Americans talk about being “tethered” to their smartphones mostly from the standpoint of the time suck that’s involved and the tendency to miss what’s going on around us when we’re supposed to be working, spending time with family or friends, or (let’s hope not) driving down the highway. It’s hard to resist the offerings on your smartphone which now is millions times more powerful than NASA’s computers from the 1960’s.
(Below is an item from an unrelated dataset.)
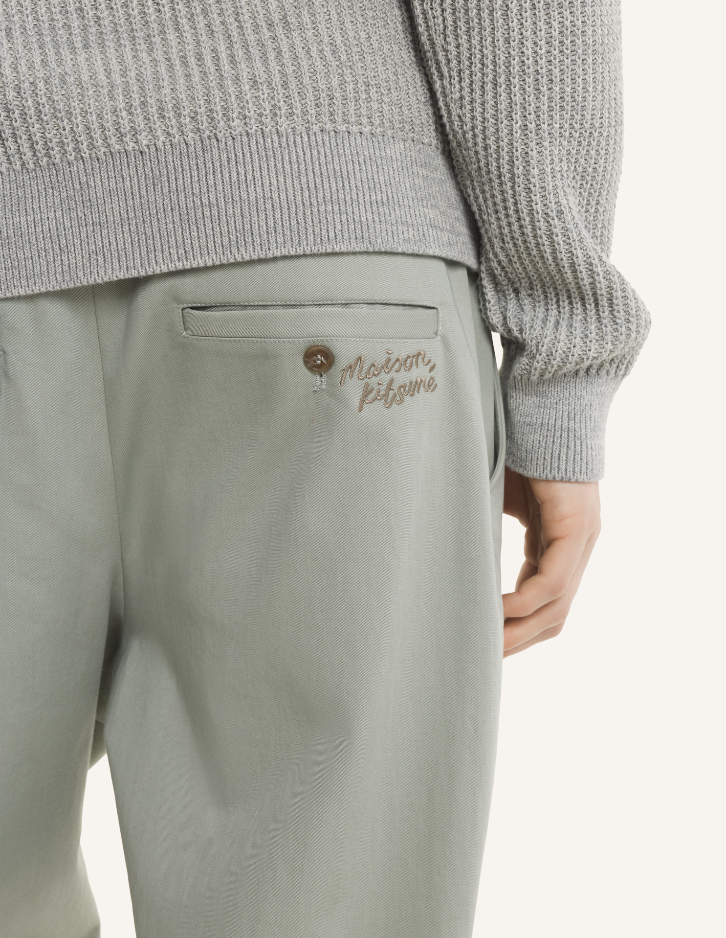 Button closure and hidden zipped fly with Maison Kitsuné engraved buttons

But one result of all that tethering – whether we’re texting, streaming music, getting directions from our GPS, or posting on social media – is that our smartphone is silently, relentlessly gathering all kinds of information about us. Your smartphone knows where you are, how you got there, with whom you’ve been communicating, and what you’ve been typing into your favorite search engine lately. It is this geolocation feature of smartphones that lets parents and spouses know the location of their family members, but it also provides a wealth of information to law enforcement personnel and those who understand how to retrieve this information. It has been quietly used by law enforcement agencies to obtain data about what smartphones have been active near crime scenes by issuing a subpoena to Google to recover the data. This was a feature story in the New York Times on April 13, 2019 which is part of an ongoing examination of the privacy issues associated with smartphones.
Although many people are vaguely uneasy about the variety and volume of information they cough up in their various apps, ultimately they are too tapped into the convenience and entertainment aspects to worry about controlling how much of their data is falling into the hands of marketers, retailers, the government and even foreign governments. Not to mention the brain cell and social skills deterioration that takes place.